Mantis botnet is tracked behind Cloudflare June DDoS attacks
In June 2022, Cloudflare reported the largest HTTPS DDoS attack that originated from the Mantis botnet.
The record-breaking distributed denial-of-service (DDoS) attack that Cloudflare mitigated last month originated from a new botnet called Mantis.
Mantis botnet that sends 26 million requests per second attack is the most significant attack on record that came from 5,067 devices.
Previously it was recorded by the MÄ“ris botnet, which launched an attack at a rate of 21.8 million requests per second.
Since then, Cloudflare has been tracking this botnet, which they called “Mantis”, and the attacks it has launched against almost a thousand Cloudflare customers.
Generating 26M HTTP requests is hard enough to do without the extra overhead of establishing a secure connection, but Mantis did it over HTTPS. HTTPS DDoS attacks are more expensive in terms of required computational resources because of the higher cost of establishing a secure TLS encrypted connection. This stands out and highlights the unique strength behind this botnet.

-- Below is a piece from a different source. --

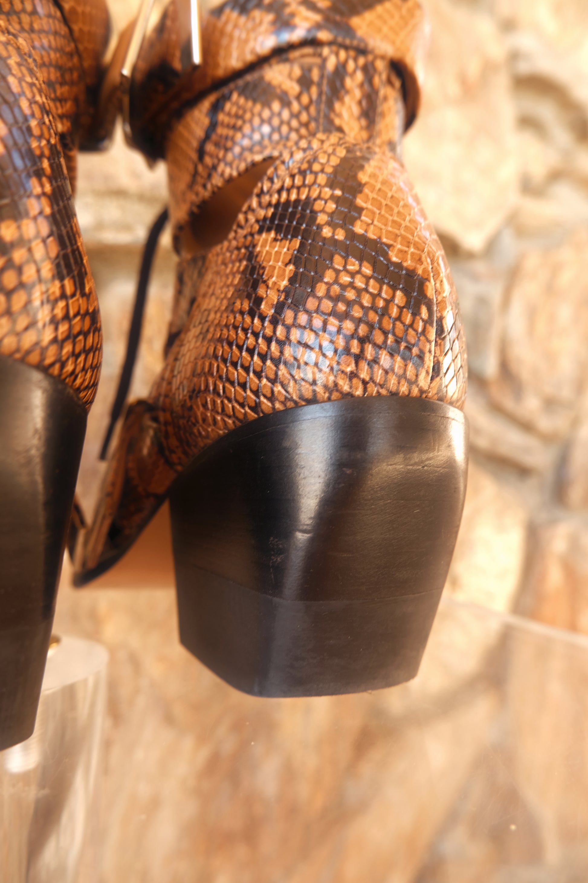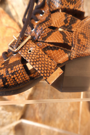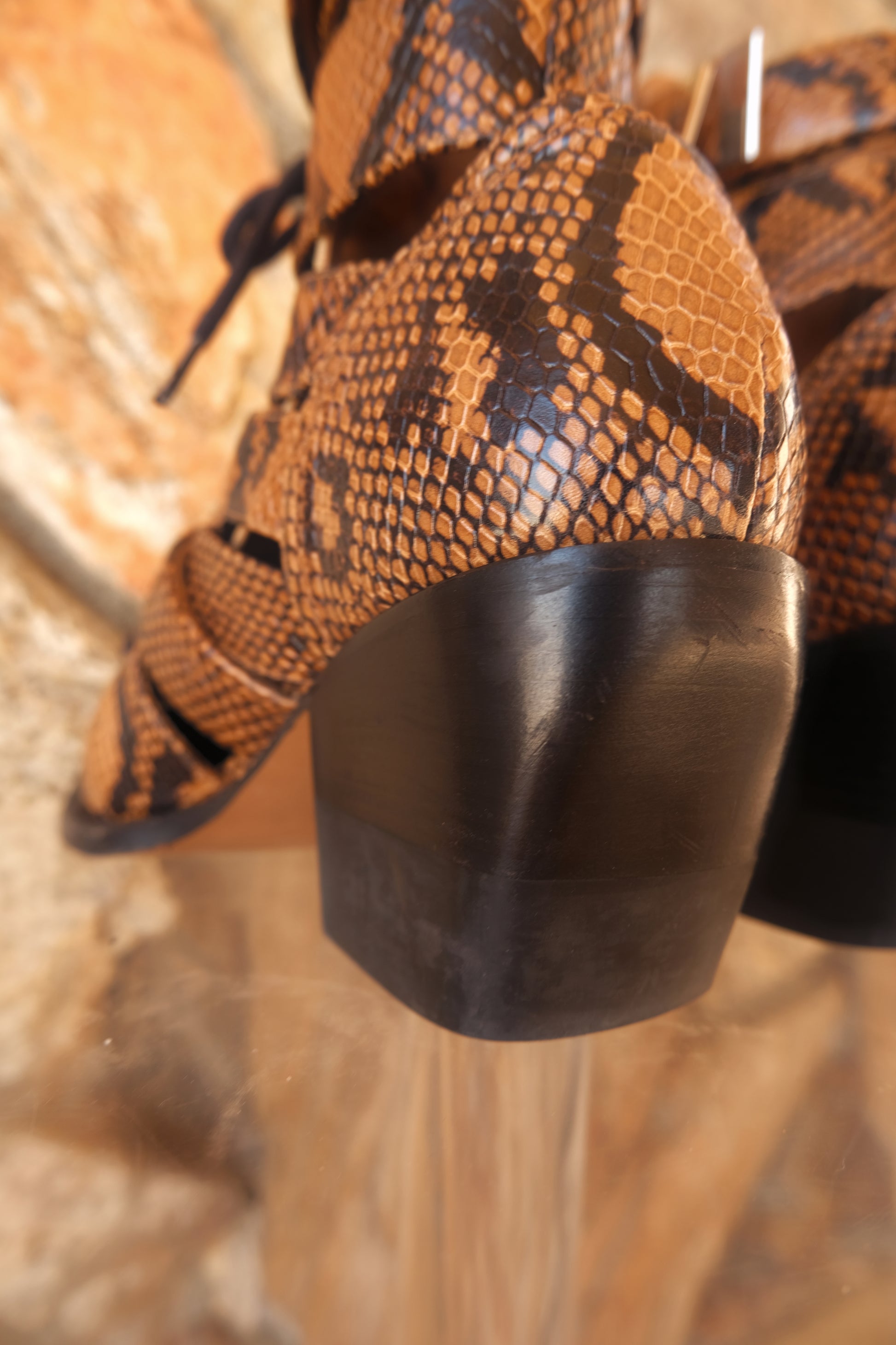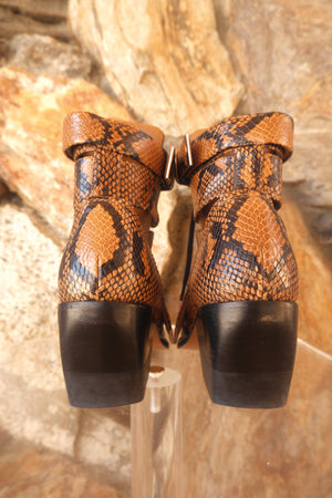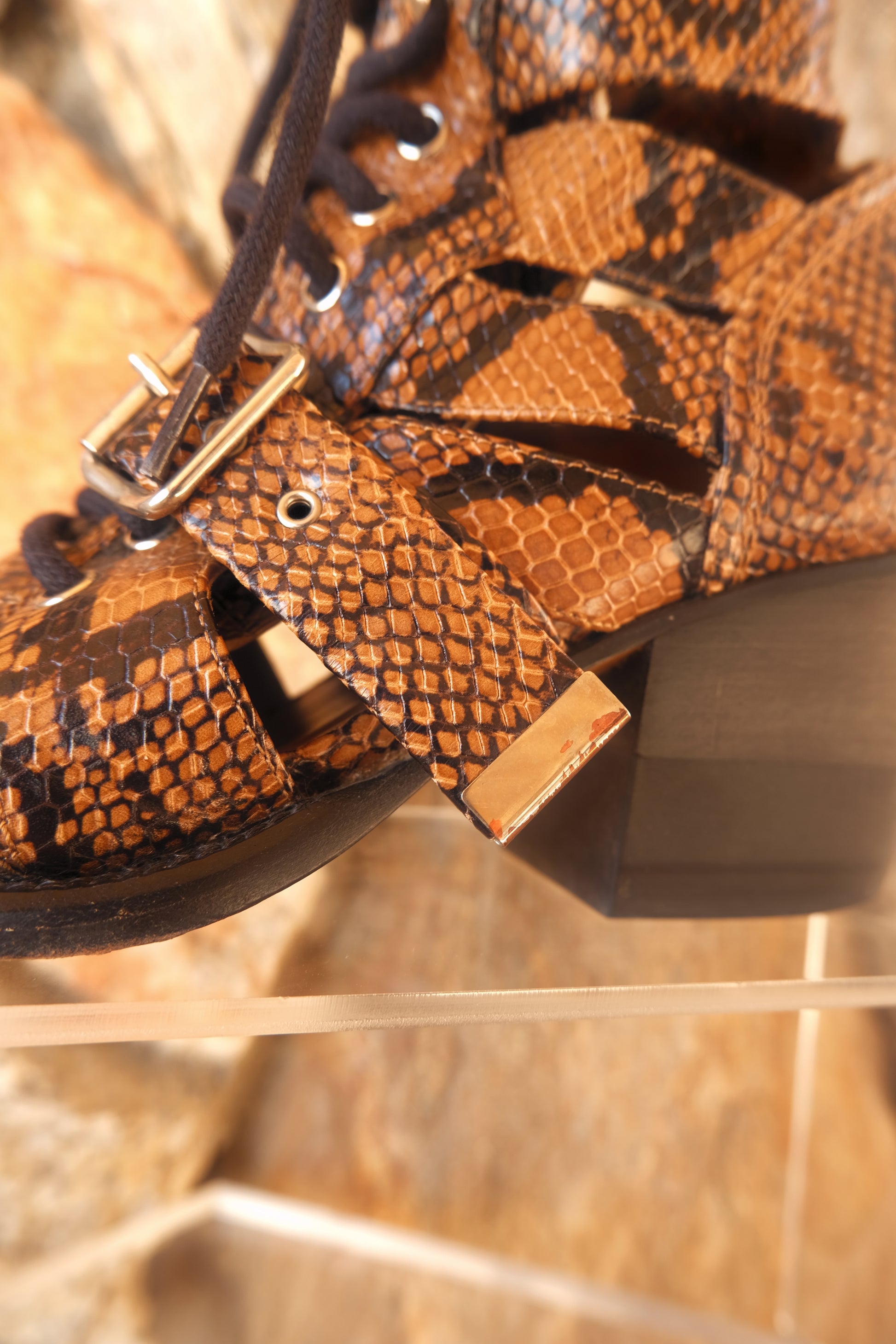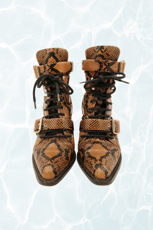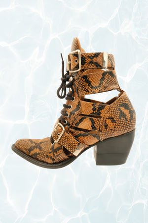 Chloe Rylee python print calfskin ankle boots in brown. Features a lace up design and two straps with silver hardware, upper cutouts, padded tongue, western style heel, and pointed toes.

Mantis targets focus on servers and virtual machines, which come with significantly more resources.
Mantis is the next evolution of the Meris botnet. The Meris botnet relied on MikroTik devices, but Mantis has branched out to include a variety of VM platforms and supports running various HTTP proxies to launch attacks.
Mantis Targets
Mantis targets entities in the IT and telecom (36%), news, media, and publications (15%), finance (10%), and gaming (12%) sectors. Over the past 30 days, Mantis launched 3,000 DDoS attacks against almost a thousand Cloudflare customers, the company notes.
When we look at these companies’ locations, we can see that over 20% of the DDoS attacks targeted US-based companies, over 15% Russia-based companies, and less than five percent included Turkey, France, Poland, Ukraine, and more.
Cloudflare named the botnet that launched the 26M rps (requests per second) DDoS attack “Mantis” as it is also like the Mantis shrimp, small but very powerful. Mantis shrimps, also known as “thumb-splitters”, are very small; less than 10 cm in length, but their claws are so powerful that they can generate a shock wave with a force of 1,500 Newtons at speeds of 83 km/h from a standing start. Similarly, the Mantis botnet operates a small fleet of approximately 5,000 bots, but with them can generate a massive force — responsible for the largest HTTP DDoS attacks Cloudflare has ever observed.